The comparison with the PBH programs is apt. Our critique of the Sesame Street deal is not that it will not increase consumption, perhaps it might; our critique is that 1) We have no idea if it will increase consumption or not, 2) That it might decrease consumption so it may be reckless to undertake without further research, and 3) That if the design of the program is such that it is a roll-out rather than a trial, there will NEVER be any way to know if it has any impact on consumption as there is no control group.

This is pretty similar to our critique of PBH’s efforts — not that they are bad, but that they are set up in a way that never tells us if they are good.

In fact, if consumption declines, supporters of PBH are likely to say that we are lucky to have PBH or it would have declined more. If consumption increases, they will give PBH the credit.
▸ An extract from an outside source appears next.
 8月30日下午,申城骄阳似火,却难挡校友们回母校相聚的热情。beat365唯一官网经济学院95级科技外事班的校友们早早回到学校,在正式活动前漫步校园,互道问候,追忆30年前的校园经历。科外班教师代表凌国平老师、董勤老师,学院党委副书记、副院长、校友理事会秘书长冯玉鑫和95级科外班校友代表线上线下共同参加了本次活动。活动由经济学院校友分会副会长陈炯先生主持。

Is there any doubt that the White House will say the same about this initiative?

It doesn’t work that way. The oldest fallacy in the book is post hoc ergo proctor hoc (“After this, therefore because of this.”) The classic illustration: the cock crows and then the sun rises. Thus, ignorant people will give credit to the cock for causing the sun to rise.

We pleaded with PBH years ago to not nationalize the program, to not even run it on a state level, but only to try it in a select few markets with appropriate control groups. Since this is the only way to prove that a roll-out of a program would increase consumption, it was the only hope for getting significant funds from sources outside the produce industry.
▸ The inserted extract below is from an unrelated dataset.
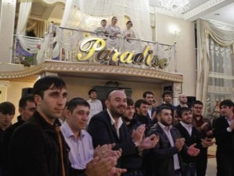 But the young spouse does not catch the eye of the wedding guests at all: he celebrates in a separate room with his closest friends. All other guests are located in a large hall. Usually the event is held by imal-tamala, who leads the process, he also announces the beginning of the dance. Usually the dance floor is divided into two zones: ladies in one part, men in the other. Joint dances are not allowed here.

Instead we went for the politically easy — just as the First Lady has done with this program.

Our correspondent is also correct that having investment made in these industry campaigns has not proven to be profitable for the supply base. Retail produce operators embraced the idea of having the supply base invest in 5-a-Day, because they preferred that kind of generic promotion as it left them free to promote as they wished in their departments. They liked that approach much better than a private company or promotional board offering promotional dollars in exchange for better placement or bigger orders. But ROI typically depends on those types of actions. Even at the retail level, the battle is typically for market share, so boosting produce consumption, which typically will come at the expense of some other department in the supermarket, is not a very profitable game for retailers.

And our writer clearly identifies the big risk in allowing good brands to promote lousy product. Not all produce is sterling, and though Sesame Street is now basking in the First Lady’s love, and that is worth a lot, when low quality produce is adorned with these valuable trademarks, it will not burnish their reputations, it will diminish their reputations. And here is the truth: The best brands in the industry are the least interested in obscuring their brands with characters and, certainly, the least interested in associating themselves with trademarks that their competitors use.
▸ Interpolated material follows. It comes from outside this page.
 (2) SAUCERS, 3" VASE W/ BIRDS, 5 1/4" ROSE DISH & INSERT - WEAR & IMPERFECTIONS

The food safety point is trenchant. When the Spinach Crisis hit, we wrote a piece titled, Look At Their Faces that included a portrait of a three-year-old boy who had died.

Is there any question that the next time, God forbid, that someone dies, the headline will be highlighting that it will be some three-year-old who loved Elmo so much he made his Mom buy the pathogen-laden item?

Elmo was created because in the early 1980s Sesame Street did not have a preschool character. Elmo is designed to bond with pre-school children. The First Lady praised Sesame Workshop’s President and CEO, H. Melvin Ming, at her press conference because he made the characters available royalty-free. Yet young children, the elderly, those who have undergone chemotherapy, or anyone with a compromised immune system, are among the most vulnerable to foodborne illness.

If there is a food safety outbreak, won’t people rightly point to the same man and say, “You were irresponsible for allowing the use of your characters to draw a vulnerable population to this food without establishing clear food safety standards!”?

We hope they will be lucky and there never will be such a problem. But Paul Newman pulled his name from bagged salad mixes for exactly this fear – and he wasn’t even focused on little children.

And all this for a program for which we have zero evidence will ever increase produce consumption!